*** Data listing Section Begins ***

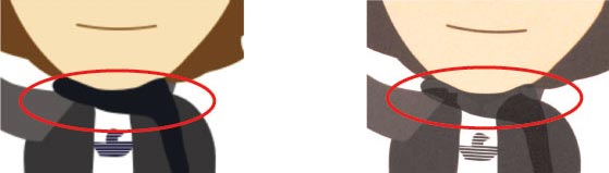 ▲ 設計原稿填色為K100(圖左),印刷結果會變成黑色直壓(圖右)
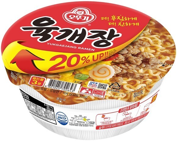오뚜기 관계자는 "양을 20% 늘려 ‘육개장 컵’을 리뉴얼 출시했다”며 “더 진하고 더 푸짐한 육개장의 맛을 즐길 수 있을 것”이라고 말했다.
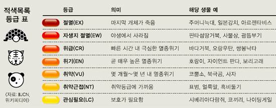 위기보다 높은 단계인 위급은 해당 생물이 야생에서 빠른 시간 안에 극심한 멸종위기를 맞고, 위기보다 낮은 취약은 몇 개월∼몇 년 안에 높은 멸종위기에 놓일 거라는 뜻이다. 판다는 위기, 코뿔소와 북극곰은 취약 등급으로 분류된다.
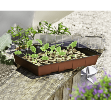 Grâce à ses dimensions compactes, la serre sadapte parfaitement à nimporte quel rebord de fenêtre et offre de la place pour environ 24 plants.
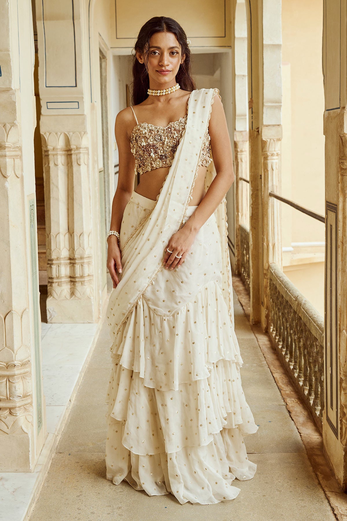 Fabric: Bralette- Shantoon, solid sequence Saree- Sequence organza
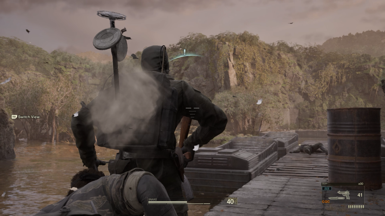 Один из самых полезных предметов, особенно в начале Metal Gear Solid Delta: Snake Eater — это крокодилья маска. С ней, находясь под водой, вы практически невидимы для глаз врагов. Кроме того, она отпугивает собак: они не решатся атаковать, хотя будут лаять и могут привлечь к вам ненужное внимание.
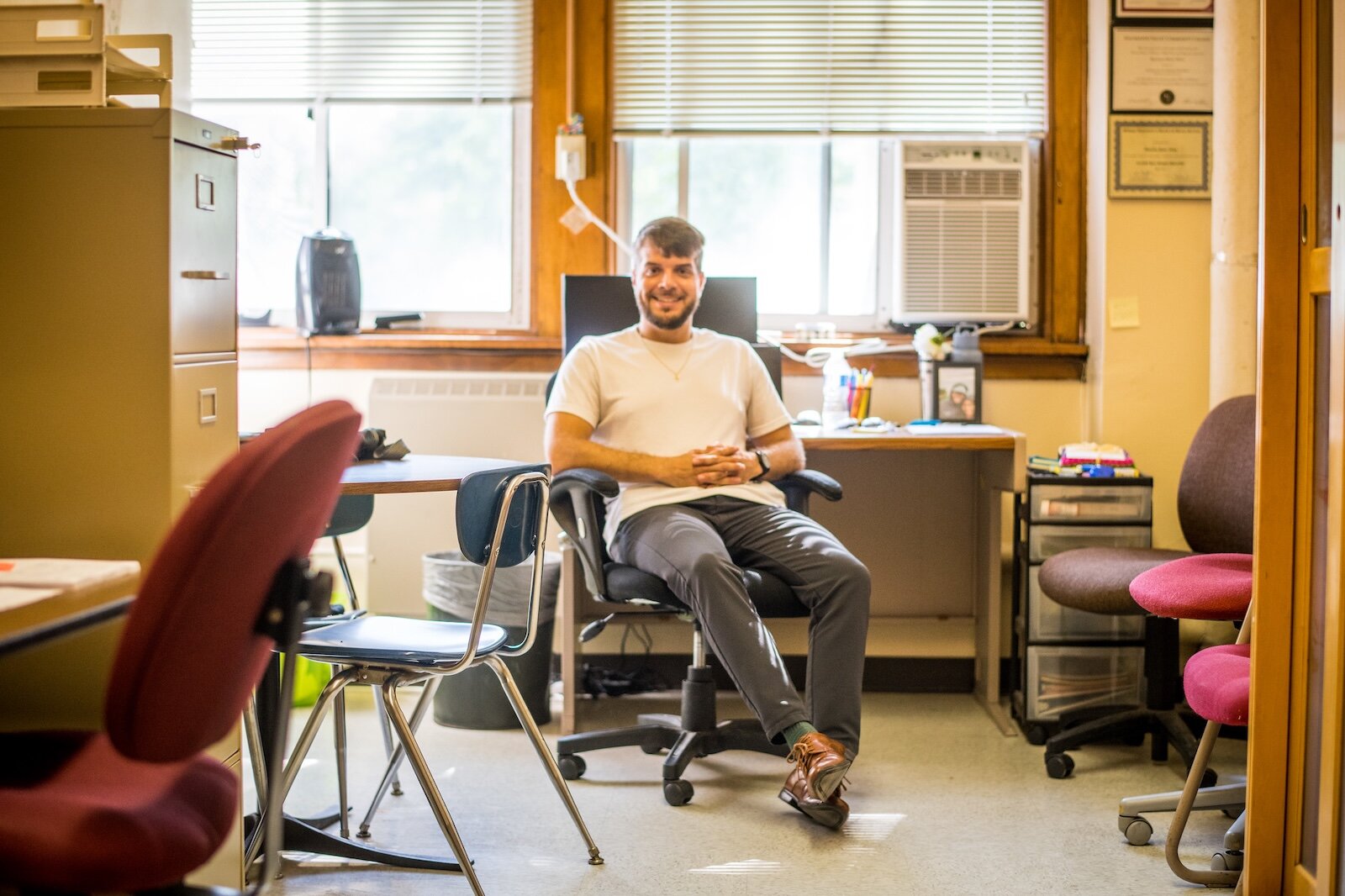 At his office in Chenery, just down the hall from the Kalamazoo Public Schools McKinney-Vento office, Mion pulls out two file cabinet drawers packed with files of youth and families he’s helped get a home. “Like, 150 families.”

*** Data listing Section Ends ***

▶ _Directions for this task_: Drop the images and copy all the data exactly.

▶ _Response to this exercise_:
 ▲ 設計原稿填色為K100(圖左),印刷結果會變成黑色直壓(圖右)
오뚜기 관계자는 "양을 20% 늘려 ‘육개장 컵’을 리뉴얼 출시했다”며 “더 진하고 더 푸짐한 육개장의 맛을 즐길 수 있을 것”이라고 말했다.
 위기보다 높은 단계인 위급은 해당 생물이 야생에서 빠른 시간 안에 극심한 멸종위기를 맞고, 위기보다 낮은 취약은 몇 개월∼몇 년 안에 높은 멸종위기에 놓일 거라는 뜻이다. 판다는 위기, 코뿔소와 북극곰은 취약 등급으로 분류된다.
 Grâce à ses dimensions compactes, la serre sadapte parfaitement à nimporte quel rebord de fenêtre et offre de la place pour environ 24 plants.
 Fabric: Bralette- Shantoon, solid sequence Saree- Sequence organza
 Один из самых полезных предметов, особенно в начале Metal Gear Solid Delta: Snake Eater — это крокодилья маска. С ней, находясь под водой, вы практически невидимы для глаз врагов. Кроме того, она отпугивает собак: они не решатся атаковать, хотя будут лаять и могут привлечь к вам ненужное внимание.
 At his office in Chenery, just down the hall from the Kalamazoo Public Schools McKinney-Vento office, Mion pulls out two file cabinet drawers packed with files of youth and families he’s helped get a home. “Like, 150 families.”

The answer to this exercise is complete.